Beneath this line sits some data. Return only its lines from the one holding "ဗိုလ်ချုပ်မှူးကြီး မင်းအောင်လှိုင် တက်ရောက်အမှာစကားပြောကြား" through the one holding "ウェディングドレスでは、いよいよステンドグラス輝くチャペルにて撮影しました☆彡", inclusive, exactly, with the images removed.

Data to examine:
=== Section Start ===

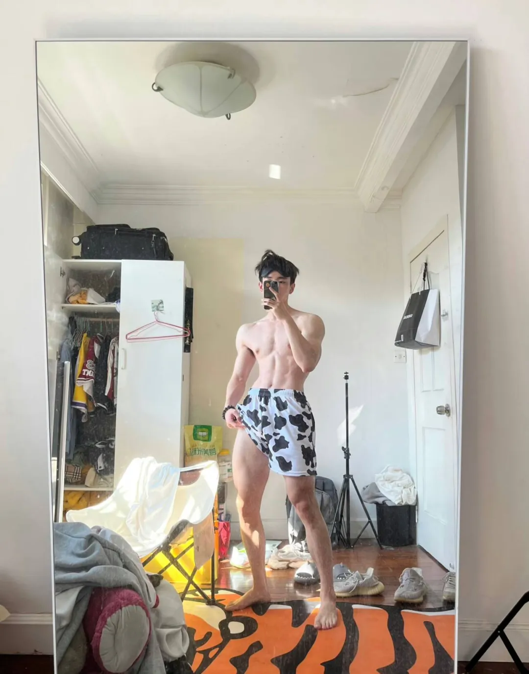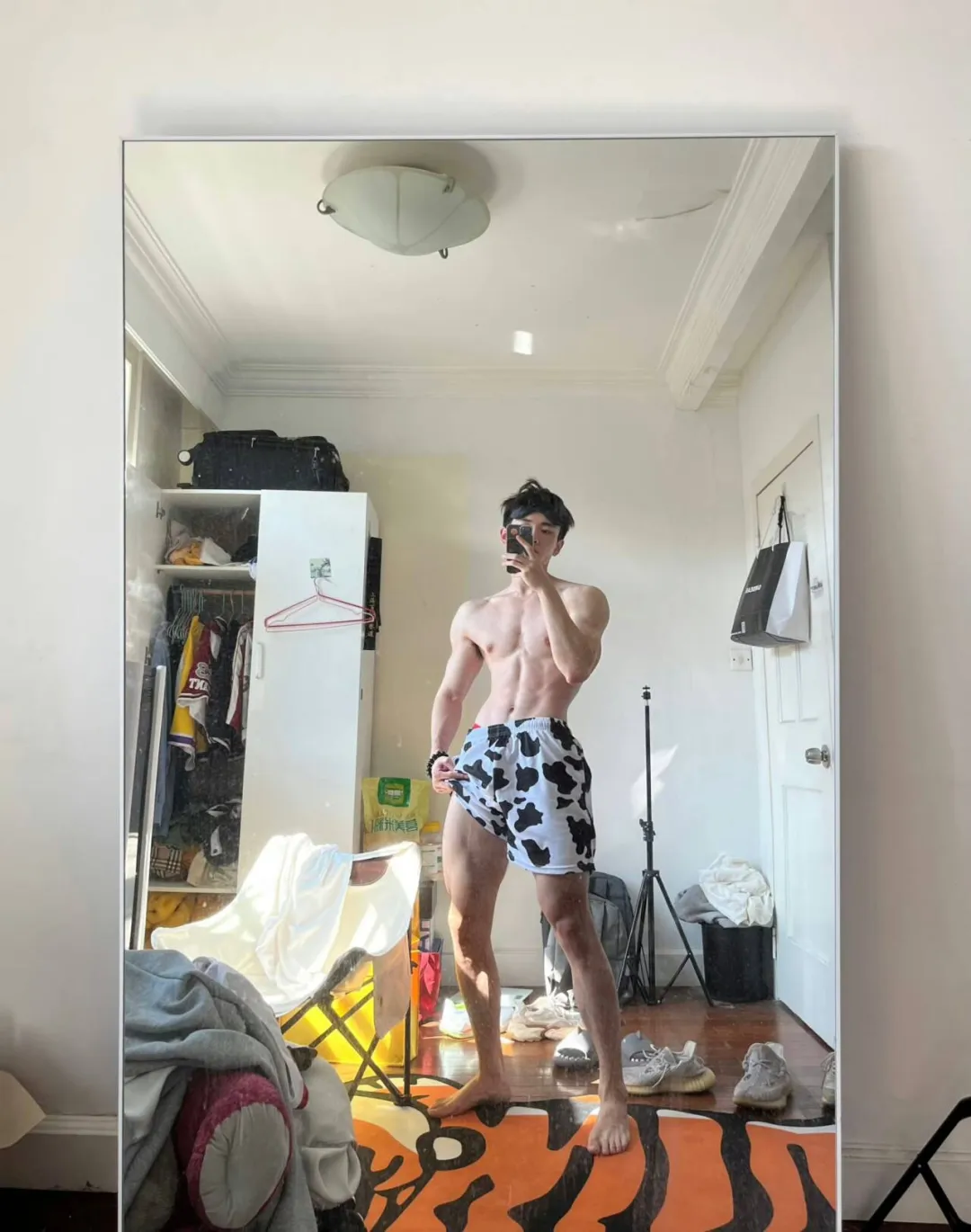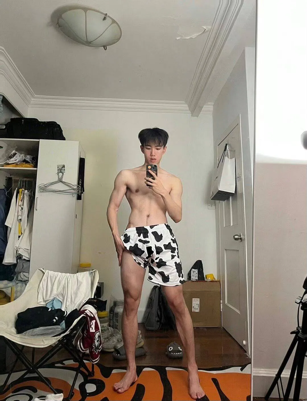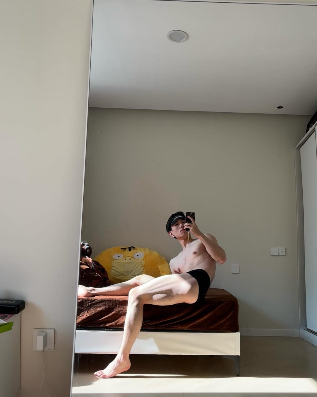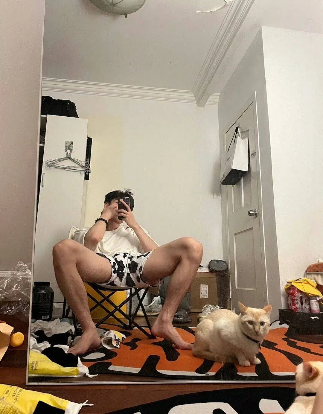 只要稍微用力一收腹,那复合着青春气息的体格就会立马展现出凹凸有致、性感至极的腹肌线条。我真希望自己就是小哥身边那只幸运的小猫猫,整日能贴着他结实火辣的肌理打盹啊!
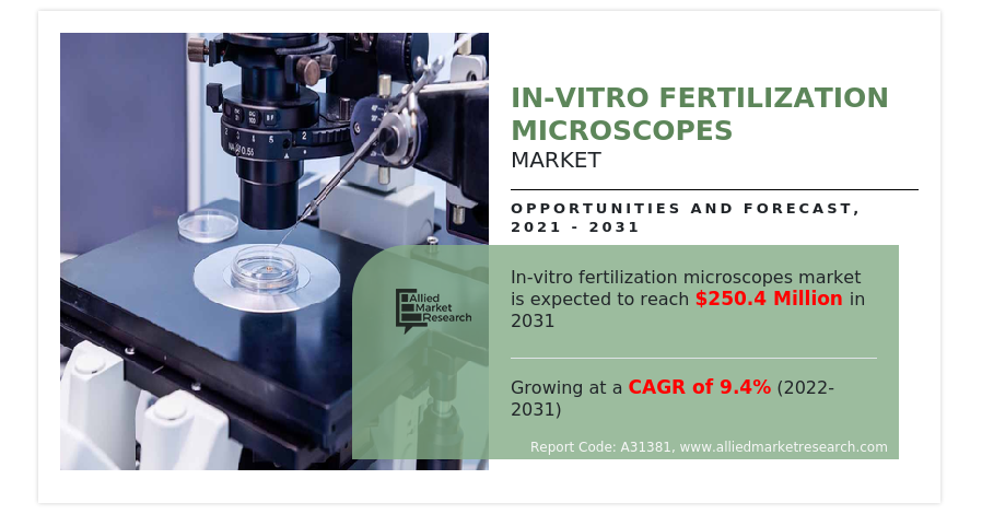 PORTLAND, OREGON, UNITED STATES, June 2, 2023/EINPresswire.com/ — Allied Market Research published a report, titled, “In-Vitro Fertilization Microscopes Market by Type (Upright Microscopes, Inverted Microscopes, Stereo Microscopes, Embryo Microscope), by End User (Clinical, Academic Research): Global Opportunity Analysis and Industry Forecast, 2021-2031”. According to the report, the global in-vitro fertilization microscopes industry In-vitro fertilization (IVF) Market Size was Valued at USD 105.4 million in 2021 and is Projected to Garner USD 250.4 million by 2031, registering a CAGR of 9.4% from 2022 to 2031.
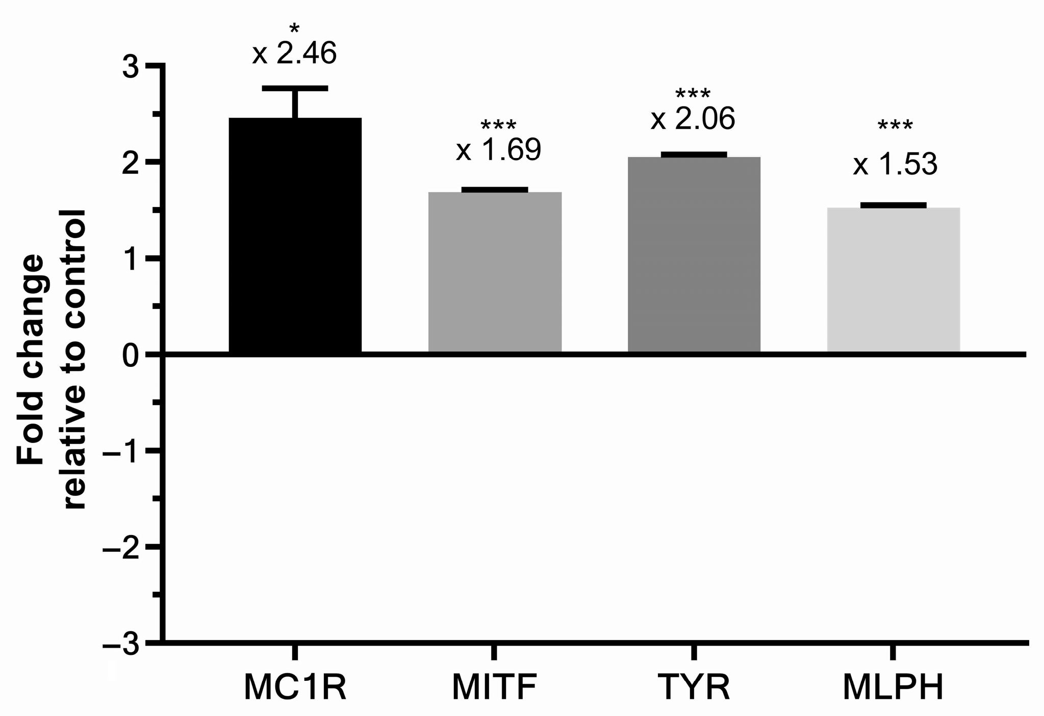 3.4.1. PTE Increases Expression of Genes Involved in Melanogenesis and Its Regulation
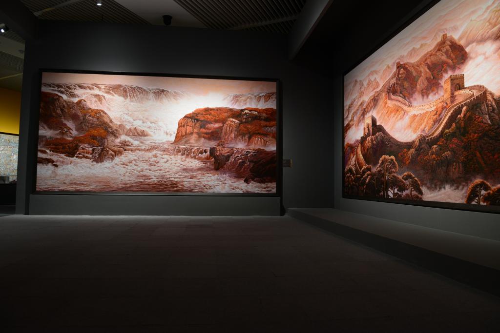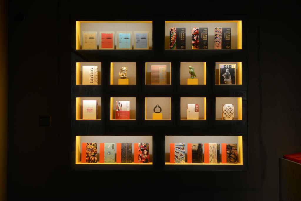 “到民间去”,是当代学者潘鲁生从事民艺研究与艺术创作的实践路径。民艺藏品捐赠部分,展示的是潘鲁生向中国国家博物馆捐赠的300件藏品精选,其中包含民间彩印花布、手工织毯、年画、剪纸、灯具、玩具、陶瓷、皮影等十个品类。民间元素创作部分,呈现的是《大匠丝路》《民族脊梁》《中流砥柱》等宏幅巨制,以及潘鲁生以民艺元素为基础在瓷板、金属板、丝绸等媒材上创作的艺术精品。民间文艺研究部分,是潘鲁生四十年“到民间去”民艺研究学术成果的集中展现,其中包含《民艺学论纲》《民间工艺学》《设计论》《美在乡村》等重要民艺著作。
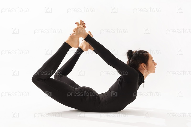 Женщина в черной спортивной одежде, практикующая йогу, выполняет упражнение дханурасана, позу лука, на белом фоне
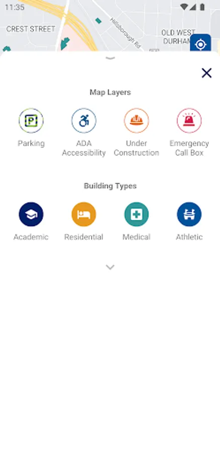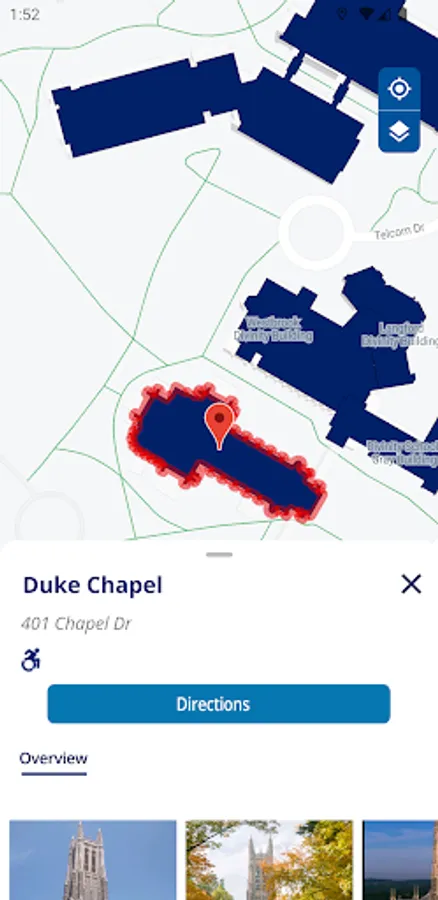 · Maps — Search for Duke buildings by name, pinpoint them on the map and see your relative location, and zoom or pan across the map using the multi-touch interface
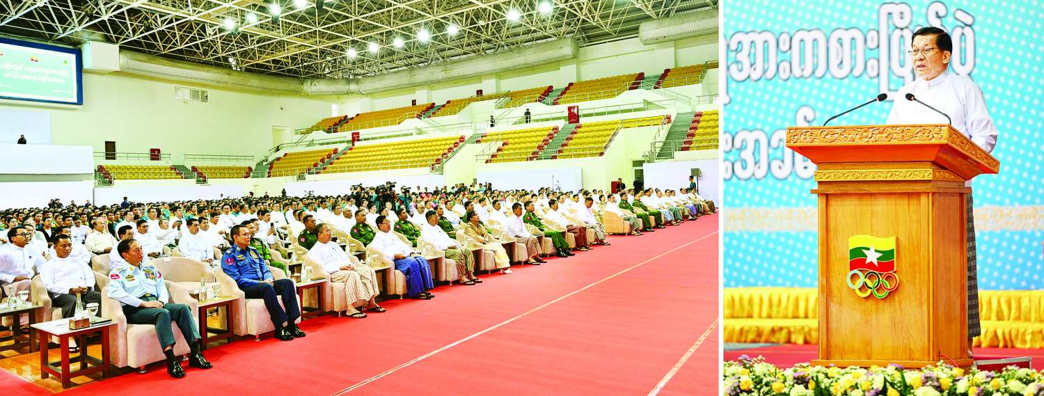 (၃၃)ကြိမ်မြောက် အရှေ့တောင်အာရှအားကစားပြိုင်ပွဲသို့ ဝင်ရောက်ယှဉ်ပြိုင်မည့် မြန်မာအားကစားအဖွဲ့အား အောင်နိုင်ရေးအလံအပ်နှင်းပွဲအခမ်းအနားကျင်းပ ပြည်ထောင်စုသမ္မတမြန်မာနိုင်ငံတော် ယာယီသမ္မတ နိုင်ငံတော်လုံခြုံရေးနှင့် အေးချမ်းသာယာရေးကော်မရှင် ဥက္ကဋ္ဌ ဗိုလ်ချုပ်မှူးကြီး မင်းအောင်လှိုင် တက်ရောက်အမှာစကားပြောကြား
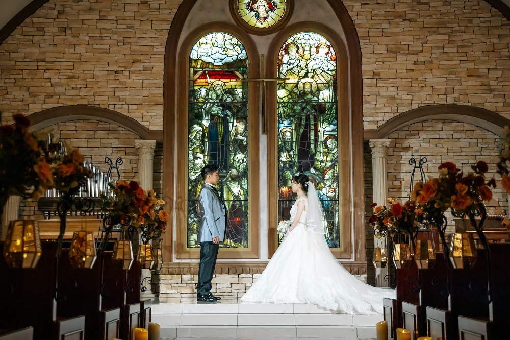 ウェディングドレスでは、いよいよステンドグラス輝くチャペルにて撮影しました☆彡
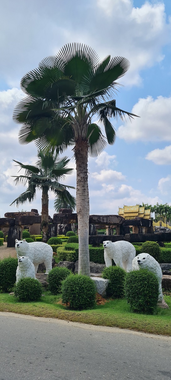 We waren wel stipt om 08:00 al binnen, om direct het achterste parkdeel te doen waar nauwelijks of geen schaduw is - "Palms of the world" en de Cycad nursery, zijn natuurlijk een must see, evenals die maffe Franse tuin, compleet met diono's en ijsberen...
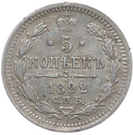 3232. 5 Kopějek 1892 SPB, Y.19a.1, Uzd.2012 skup.XIX-E/d 1/1 320,- --.-
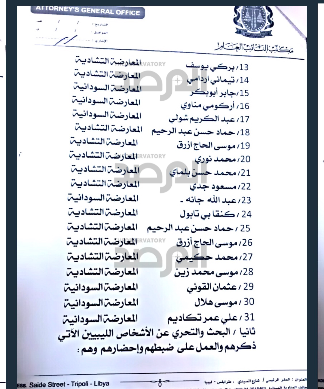 وطالب الصور بالبحث والتحري عن الوافدين المعارضين الاجانب وعددهم 31 عنصراً من المعارضة التشادية والسودانية كما طالب بضبط وإحضار بلحاج وجضران من الليبيين يضاف لهم شعبان هدية المكنى أبوعبيدة الزاوي زعيم مليشيا غرفة عمليات ثوار ليبيا وحمدان أحمد حمدان وعلي الهوني ومختار إرخيص .
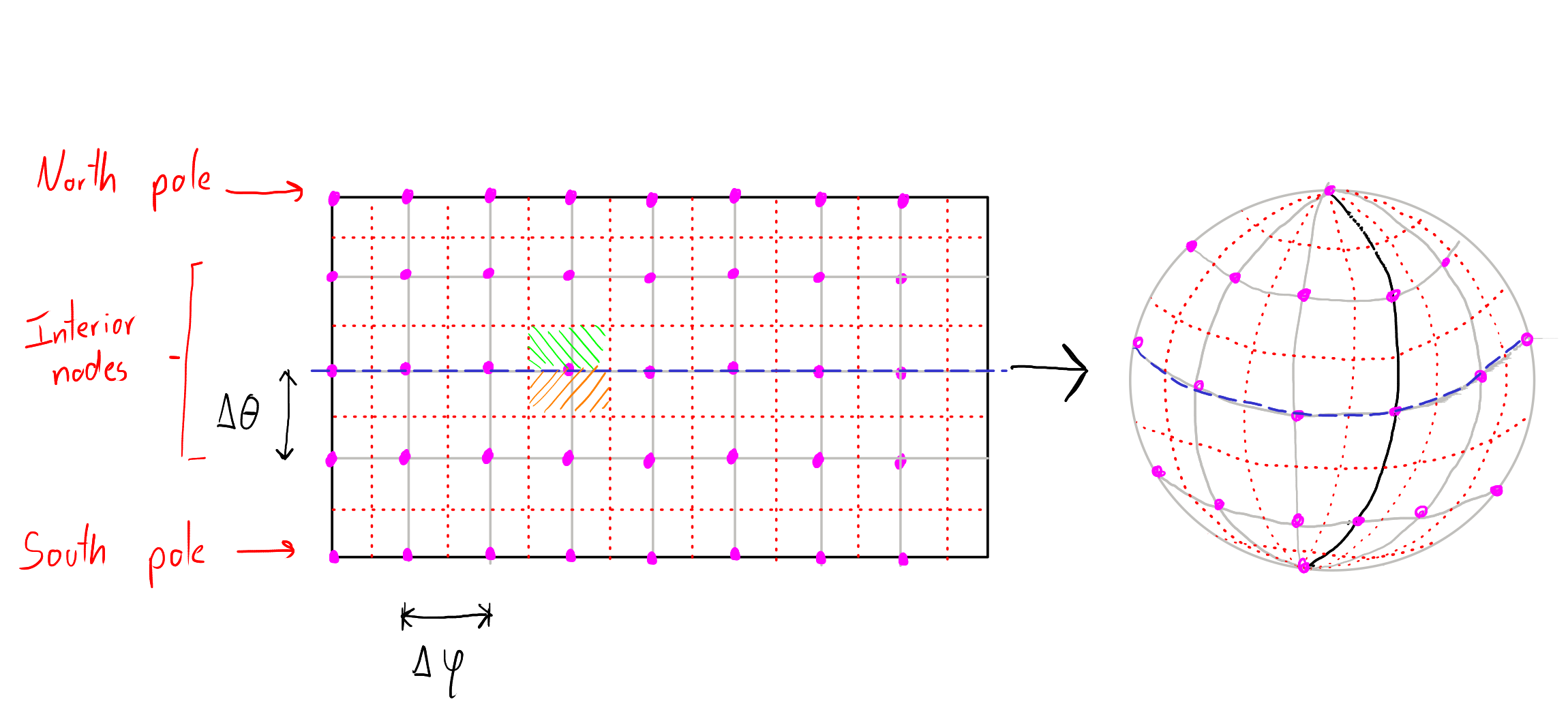 Let us assume that we have a 2D data field , with and , for which we want to compute an area average over the nothern hemisphere. We assume that we have our area vector , with , from milestone 3. With the assumption that along the longitude direction , all values at the north pole of are the same, we can compute the area average as
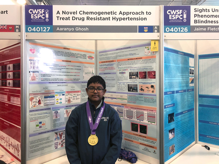 Aranyo competed against 500 other students in Ottawa and received the Gold Medal for Excellence Award, an honour that he alone won amongst the Team Alberta students. Aranyo thanks his mentor, Dr. Argit Roy. Dr. Roy works at the University of Calgary and has mentored Aranyo for past two years. Aranyo’s dream and passion is to pursue a career in Health Sciences.

=== Section End ===

Solution for this task:
 (၃၃)ကြိမ်မြောက် အရှေ့တောင်အာရှအားကစားပြိုင်ပွဲသို့ ဝင်ရောက်ယှဉ်ပြိုင်မည့် မြန်မာအားကစားအဖွဲ့အား အောင်နိုင်ရေးအလံအပ်နှင်းပွဲအခမ်းအနားကျင်းပ ပြည်ထောင်စုသမ္မတမြန်မာနိုင်ငံတော် ယာယီသမ္မတ နိုင်ငံတော်လုံခြုံရေးနှင့် အေးချမ်းသာယာရေးကော်မရှင် ဥက္ကဋ္ဌ ဗိုလ်ချုပ်မှူးကြီး မင်းအောင်လှိုင် တက်ရောက်အမှာစကားပြောကြား
 ウェディングドレスでは、いよいよステンドグラス輝くチャペルにて撮影しました☆彡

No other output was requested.